- THE DATA -

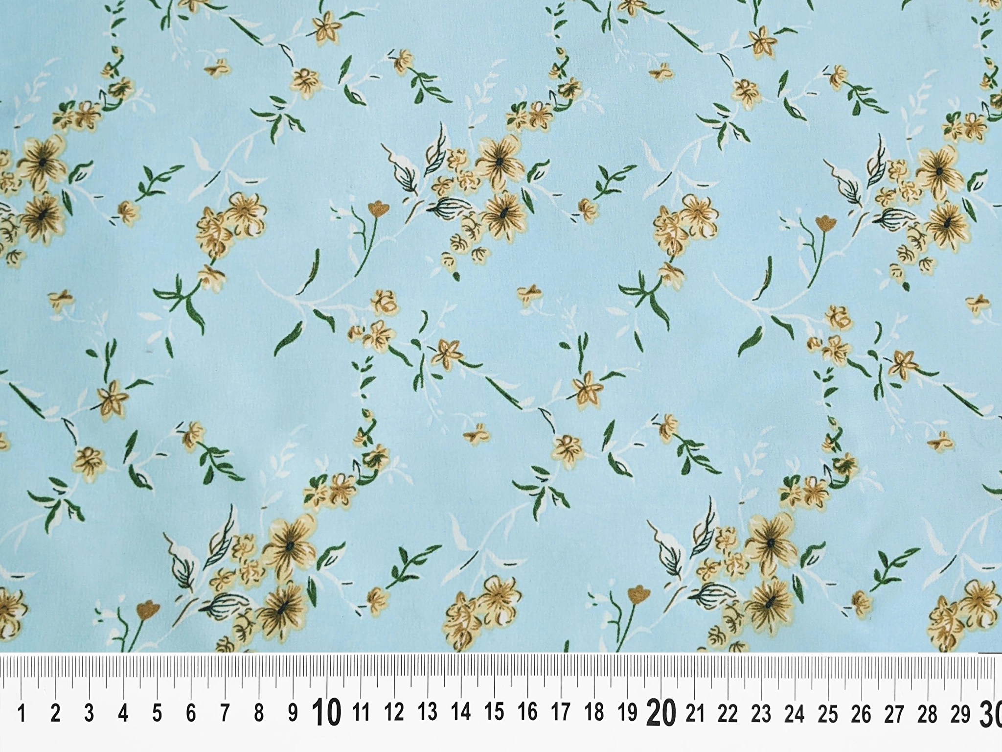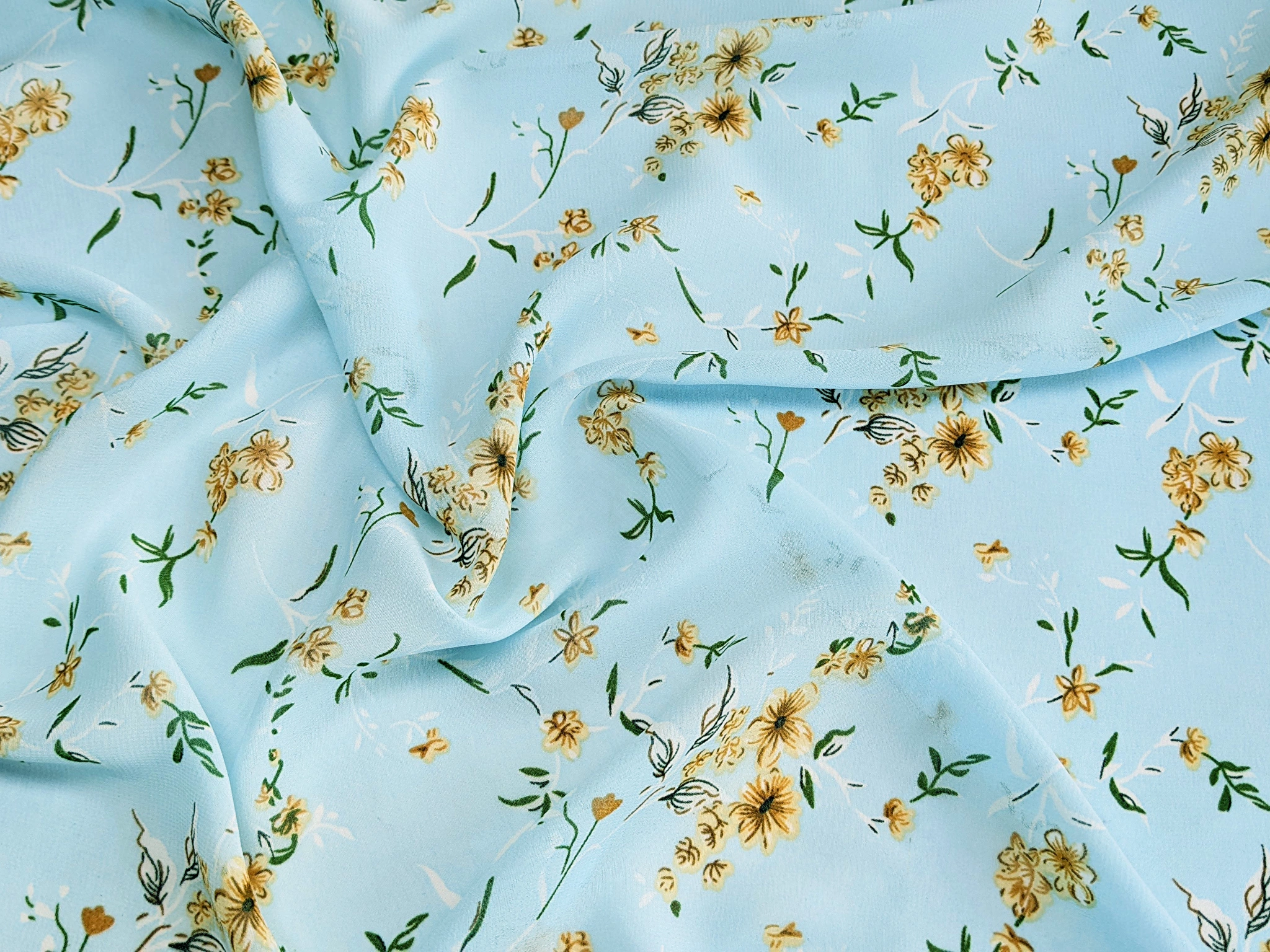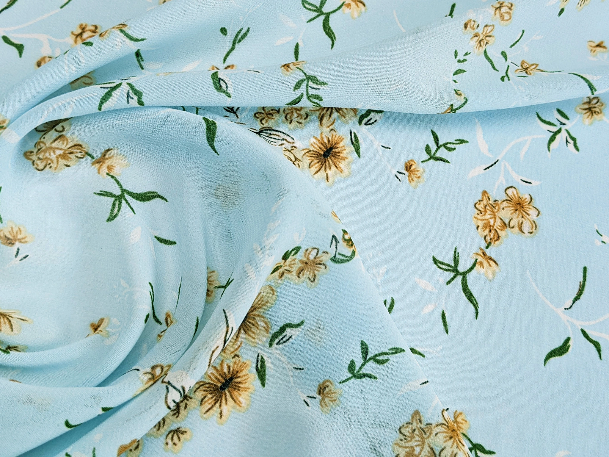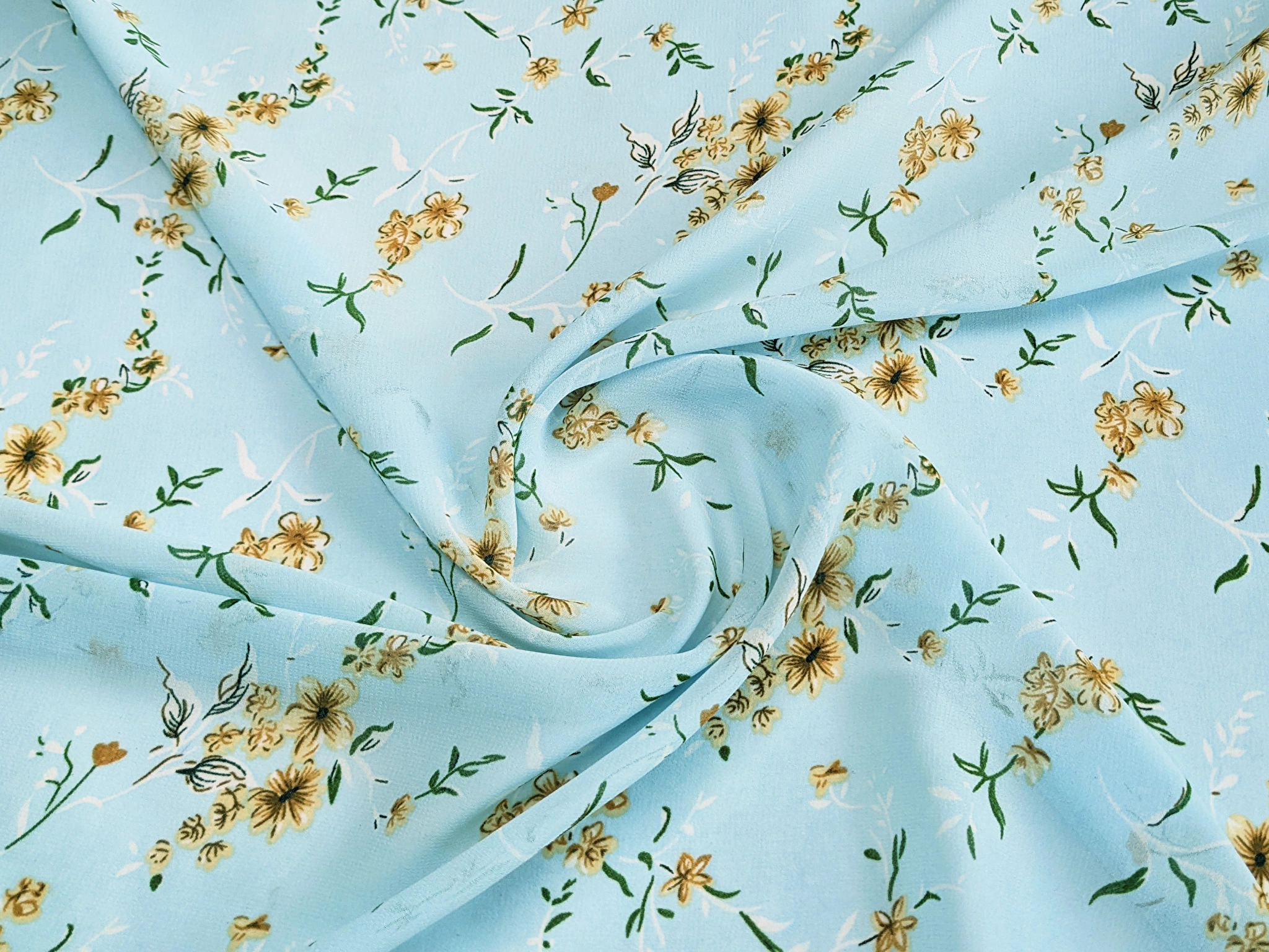 Шифон креповий квіткові візерунки, ніжно-голубий
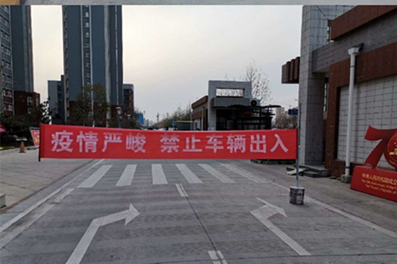 学校关闭了车辆出口,并张贴宣传横幅,提醒校内人员做好防疫工作。
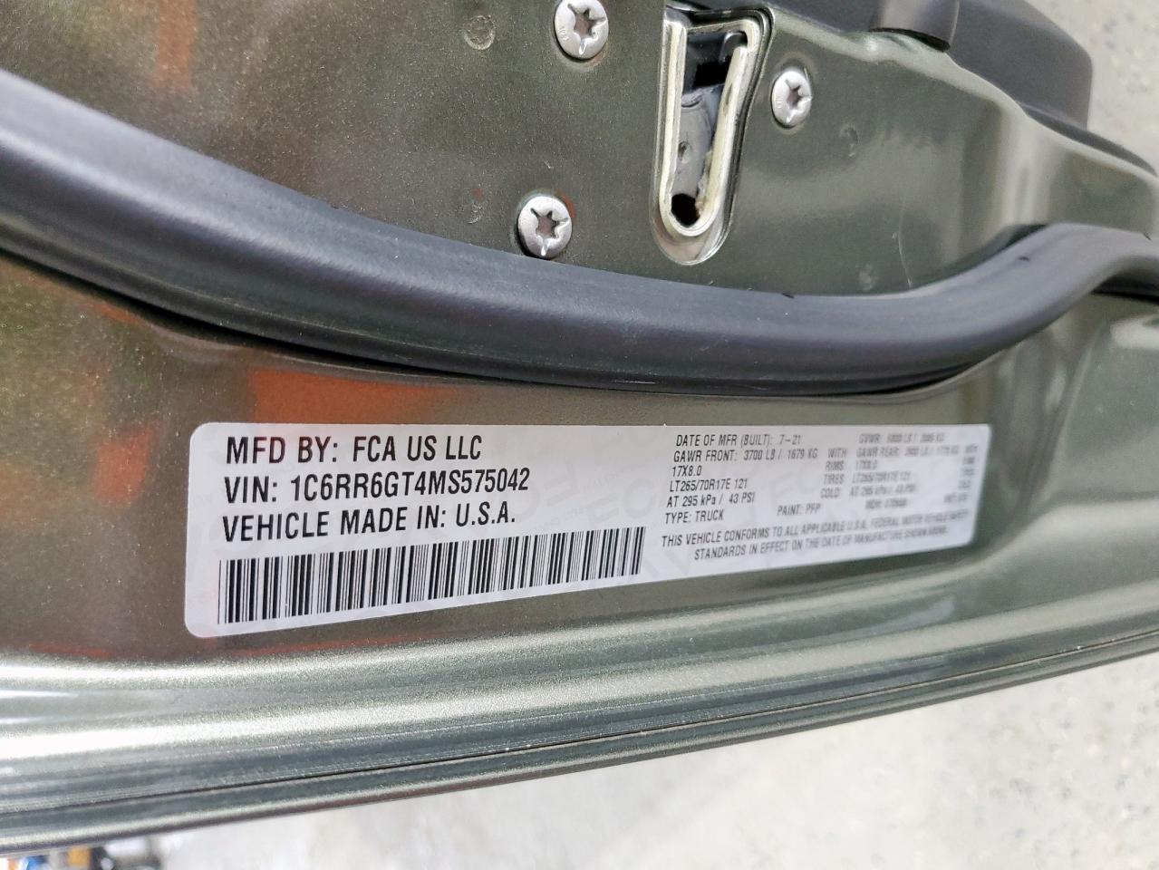 RAM 1500 5.7 2021 г.в., Задний привод (1C6RR6GT4MS575042) из США

- WORK INSTRUCTIONS -
Make an exact copy of the listing above. Do not include the pictures.

- THE ANSWER -
 Шифон креповий квіткові візерунки, ніжно-голубий
 学校关闭了车辆出口,并张贴宣传横幅,提醒校内人员做好防疫工作。
 RAM 1500 5.7 2021 г.в., Задний привод (1C6RR6GT4MS575042) из США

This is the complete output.